Oops, sorry, I spoke to soon. After thinking more about it, I think we
cannot clear the dirty bit (at least not jbddirty) in all cases and in
fact moving cancel_dirty_page() after do_invalidatepage() call only
hides the real problem.
Let's recap what JBD/ext3 code requires in case of truncation. A
life-cycle of a journaled buffer looks as follows: When we want to write
some data to it, it gets attached to the running transaction. When the
transaction is committing, the buffer is written to the journal.
Sometime later, the buffer is written to it's final place in the
filesystem - this is called checkpoint - and can be released.
Now suppose a write to the buffer happens in one transaction and you
truncate the buffer in the next one. You cannot just free the buffer
immediately - it can for example happen, that the transaction in which
the write happened hasn't committed yet. So we just leave the dirty
buffer there and it should be cleaned up later when the committing
transaction writes the data where it needs...
The problem is that when the commit code writes the buffer, it
eventually calls try_to_free_buffers() but as Nick pointed out,
->mapping is set to NULL by that time so we don't even call
cancel_dirty_page() and so the number of dirty pages is not properly
decreased. Of course, we could decrease the number of dirty pages after
we return from do_invalidatepage when clearing ->mapping but that would
make dirty accounting imprecise - we really still have those dirty data
which need writeout. But it's probably the best workaround I can
currently think of.

Honza
--
Jan Kara <[email protected]>
SuSE CR Labs

2007-12-20 16:26:57

by Linus Torvalds

[permalink] [raw]
Subject: Re: [Bug 9182] Critical memory leak (dirty pages)

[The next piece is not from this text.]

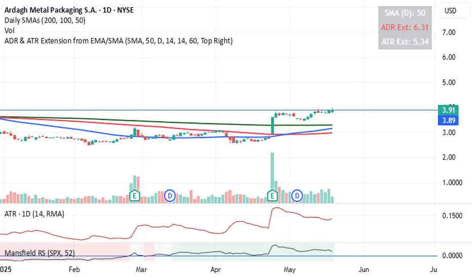 This indicator helps identify how extended the current price is from a chosen Exponential Moving Average (EMA) in terms of both Average Daily Range (ADR) and Average True Range (ATR).

On Thu, 20 Dec 2007, Bj?rn Steinbrink wrote:
>
> OK, so I looked for PG_dirty anyway.
>
> In 46d2277c796f9f4937bfa668c40b2e3f43e93dd0 you made try_to_free_buffers
> bail out if the page is dirty.
>
> Then in 3e67c0987d7567ad666641164a153dca9a43b11d, Andrew fixed
> truncate_complete_page, because it called cancel_dirty_page (and thus
> cleared PG_dirty) after try_to_free_buffers was called via
> do_invalidatepage.
>
> Now, if I'm not mistaken, we can end up as follows.
>
> truncate_complete_page()
> cancel_dirty_page() // PG_dirty cleared, decr. dirty pages
> do_invalidatepage()
> ext3_invalidatepage()
> journal_invalidatepage()
> journal_unmap_buffer()
> __dispose_buffer()
> __journal_unfile_buffer()
> __journal_temp_unlink_buffer()
> mark_buffer_dirty(); // PG_dirty set, incr. dirty pages

Good, this seems to be the exact path that actually triggers it. I got to
journal_unmap_buffer(), but was too lazy to actually then bother to follow
it all the way down - I decided that I didn't actually really even care
what the low-level FS layer did, I had already convinced myself that it
obviously must be dirtying the page some way, since that matched the
symptoms exactly (ie only the journaling case was impacted, and this was
all about the journal).

But perhaps more importantly: regardless of what the low-level filesystem
did at that point, the VM accounting shouldn't care, and should be robust
in the face of a low-level filesystem doing strange and wonderful things.
But thanks for bothering to go through the whole history and figure out
what exactly is up.

> As try_to_free_buffers got its ext3 hack back in
> ecdfc9787fe527491baefc22dce8b2dbd5b2908d, maybe
> 3e67c0987d7567ad666641164a153dca9a43b11d should be reverted? (Except for
> the accounting fix in cancel_dirty_page, of course).

Yes, I think we have room for cleanups now, and I agree: we ended up
reinstating some questionable code in the VM just because we didn't really
know or understand what was going on in the ext3 journal code.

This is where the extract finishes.